Start of Data extract
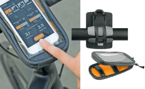 Speciální přihrádka na smartphone má přes displej průhlednou fólii, takže telefon je dobře čitelný a přístoj v pouzdře ovladatelný. Výhodou je voděodolnost a ochrana před mechanickým poškozením, nevýhodou hůře dostupná boční tlačítka. Nepraktická je i pozice pouzdra až za představcem, což při čtení mapy nutí jezdce hodně klopit zrak.
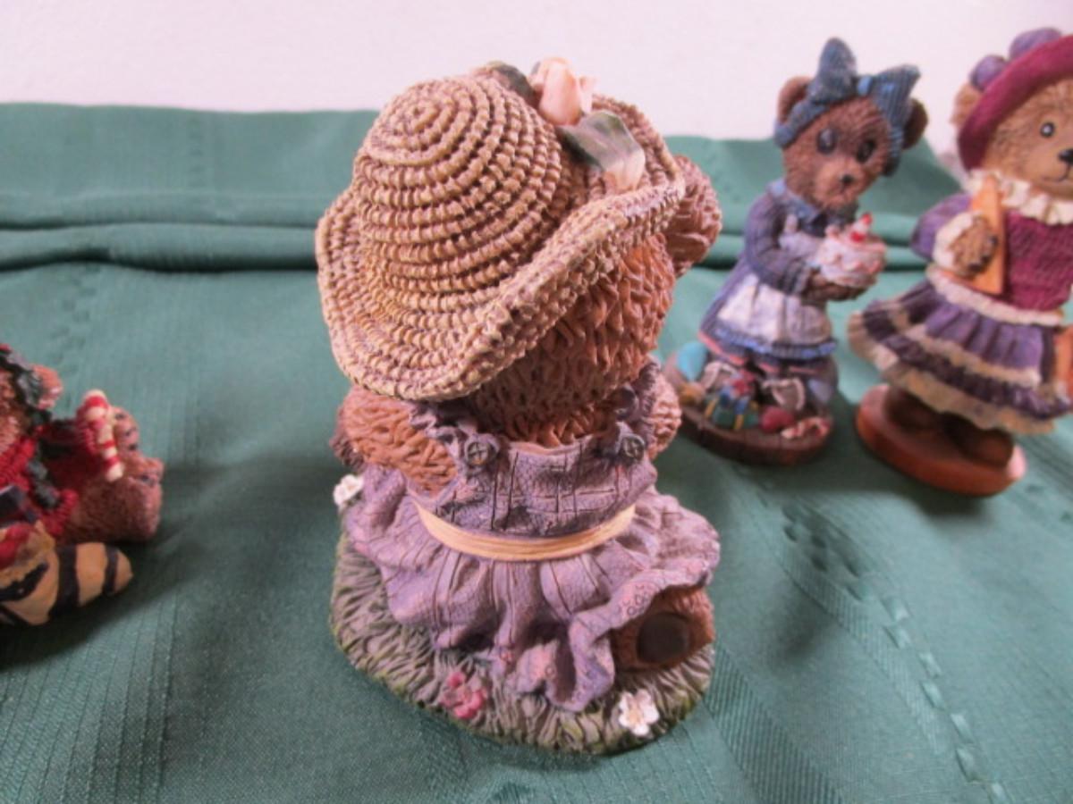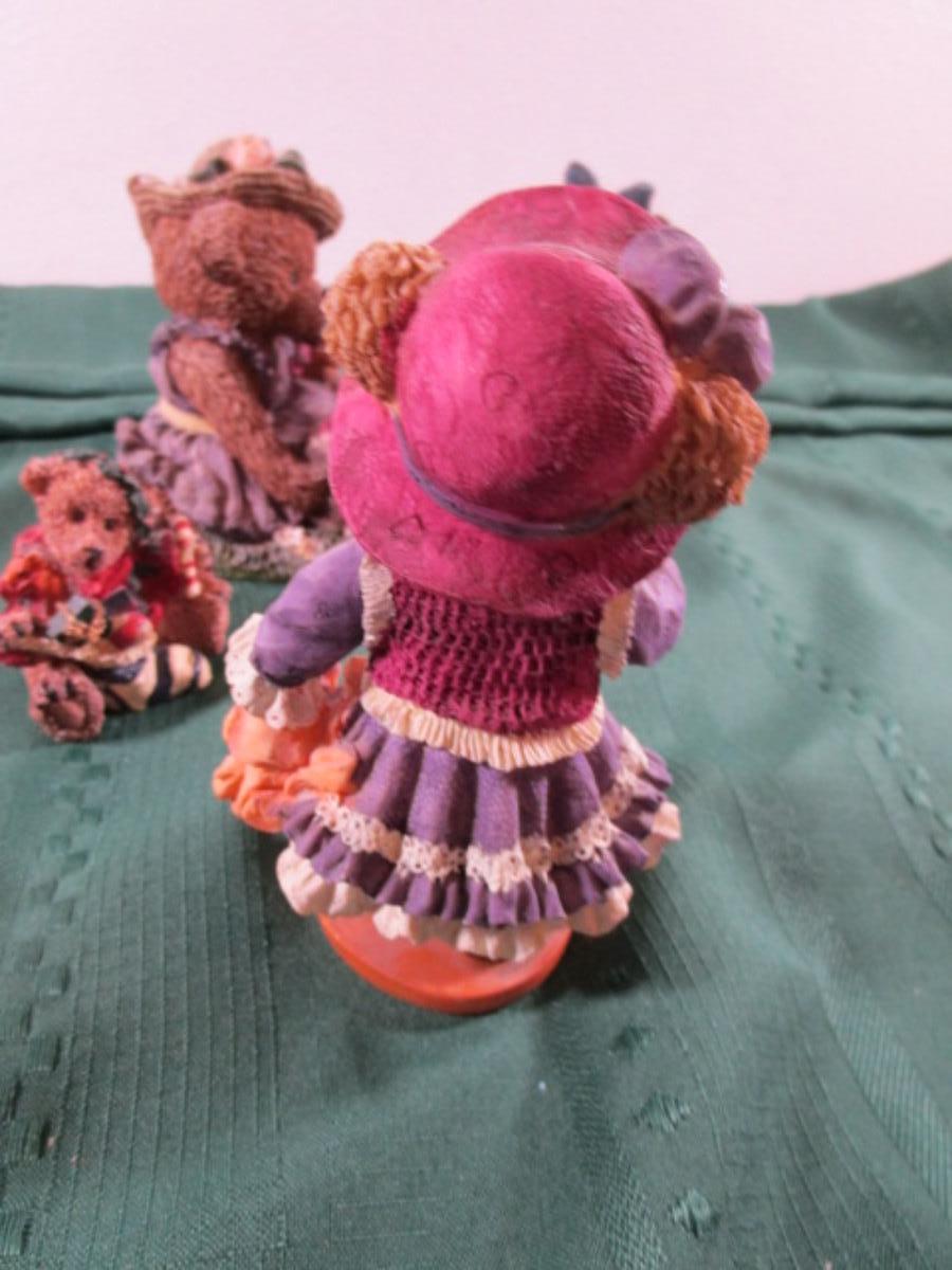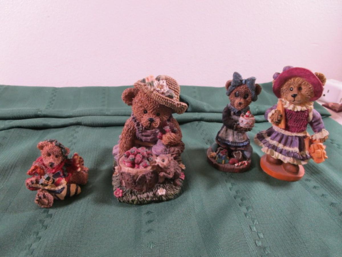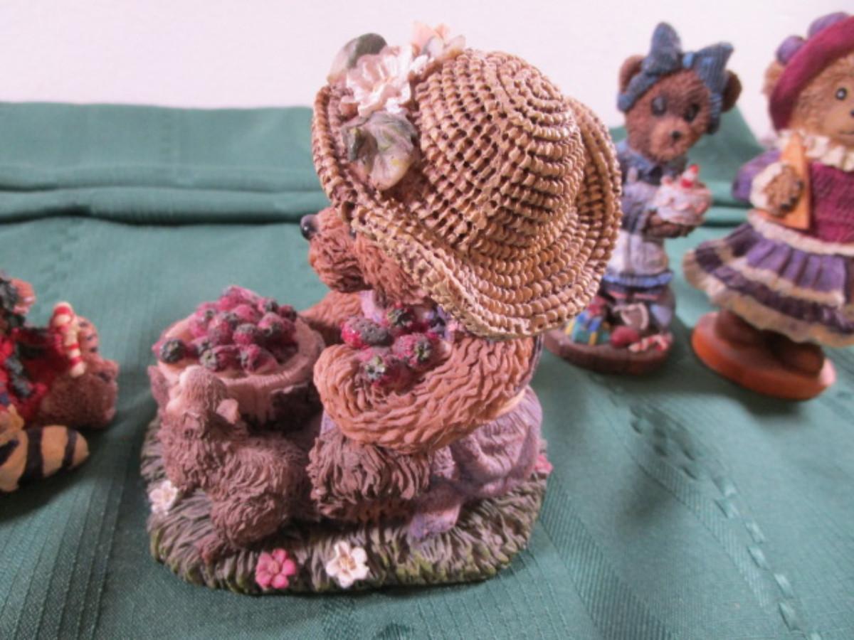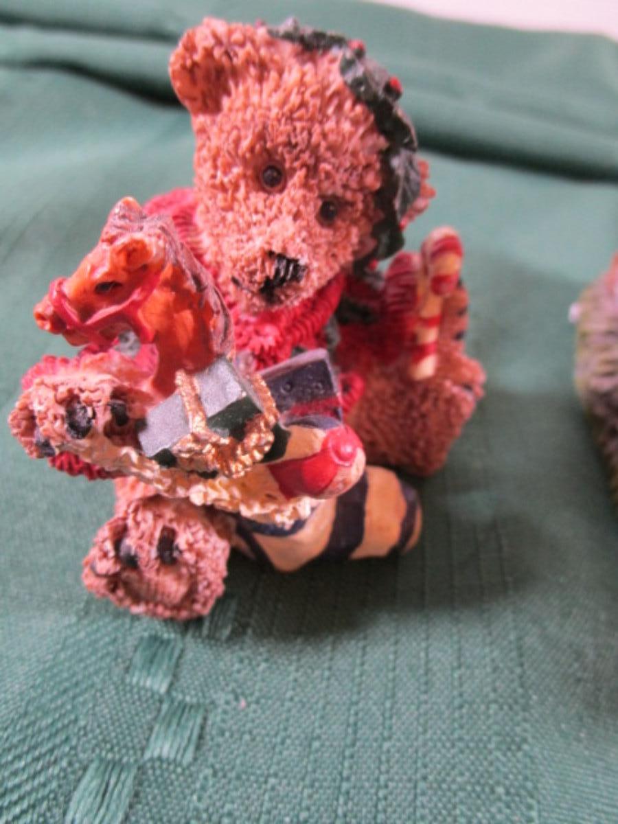 Christmas bear is 2-1/2" tall; school bear is 5-1/2" tall; bear with berries 6" tall; Birthday cake bear is 5" tall
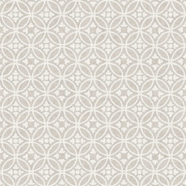 Larsson wallpaper features overlapping circles, inspired by the Japanese motifs that influenced Art Nouveau. The intertwining circles are enhanced by 4 ivy leaves arranged in petals. A-Street Prints offers here a neutral monochrome palette with minimalist appeal. The whole is presented on a textile-like background, bringing a discreet texture to the walls.
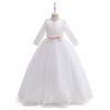 Elegant White Tulle Girls Dress Formal First Communion Princess Kids Party Dress For Girl Bow Wedding Bridemaid Evening Costume
End of Data extract
Set the material above down again word for word. Include none of its pictures.

*Solution*.
 Speciální přihrádka na smartphone má přes displej průhlednou fólii, takže telefon je dobře čitelný a přístoj v pouzdře ovladatelný. Výhodou je voděodolnost a ochrana před mechanickým poškozením, nevýhodou hůře dostupná boční tlačítka. Nepraktická je i pozice pouzdra až za představcem, což při čtení mapy nutí jezdce hodně klopit zrak.
 Christmas bear is 2-1/2" tall; school bear is 5-1/2" tall; bear with berries 6" tall; Birthday cake bear is 5" tall
 Larsson wallpaper features overlapping circles, inspired by the Japanese motifs that influenced Art Nouveau. The intertwining circles are enhanced by 4 ivy leaves arranged in petals. A-Street Prints offers here a neutral monochrome palette with minimalist appeal. The whole is presented on a textile-like background, bringing a discreet texture to the walls.
 Elegant White Tulle Girls Dress Formal First Communion Princess Kids Party Dress For Girl Bow Wedding Bridemaid Evening Costume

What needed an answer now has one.